Argyrios Gerogiannis, Yu-Han Huang, Venugopal V. Veeravalli
TL;DR
This work interrogates the practicality of prior-free black-box NS-RL using the MASTER framework. It demonstrates that for realistic horizons, MASTER’s non-stationarity detection is unlikely to trigger, causing performance to resemble a random-restart strategy with memory, and that its theoretically derived regret bounds remain trivial for very large horizons. Through experiments on piecewise stationary MABs, the study shows that quickest-change-detection (QCD) based methods are more robust and consistently outperform MASTER and naive random restarting. The results motivate the development of principled, QCD-based detectors for NS-RL that extend to broader settings beyond multi-armed bandits, highlighting a gap between order-optimal theory and practical feasibility. Overall, the paper emphasizes that effective change detection is key to viable NS-RL and suggests that future work should integrate rigorous QCD-based mechanisms into black-box RL systems.
Abstract
We study the problem of Non-Stationary Reinforcement Learning (NS-RL) without prior knowledge about the system's non-stationarity.
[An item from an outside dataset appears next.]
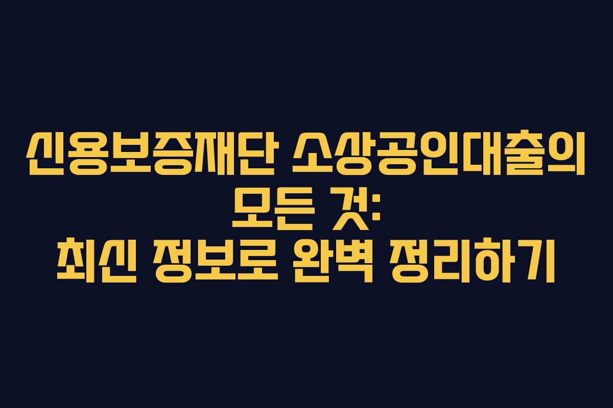 🤔 신용보증재단 소상공인대출과 관련하여 진짜 궁금한 것들 (FAQ)

A state-of-the-art, black-box algorithm, known as MASTER, is considered, with a focus on identifying the conditions under which it can achieve its stated goals. Specifically, we prove that MASTER's non-stationarity detection mechanism is not triggered for practical choices of horizon, leading to performance akin to a random restarting algorithm. Moreover, we show that the regret bound for MASTER, while being order optimal, stays above the worst-case linear regret until unreasonably large values of the horizon. To validate these observations, MASTER is tested for the special case of piecewise stationary multi-armed bandits, along with methods that employ random restarting, and others that use quickest change detection to restart. A simple, order optimal random restarting algorithm, that has prior knowledge of the non-stationarity is proposed as a baseline. The behavior of the MASTER algorithm is validated in simulations, and it is shown that methods employing quickest change detection are more robust and consistently outperform MASTER and other random restarting approaches.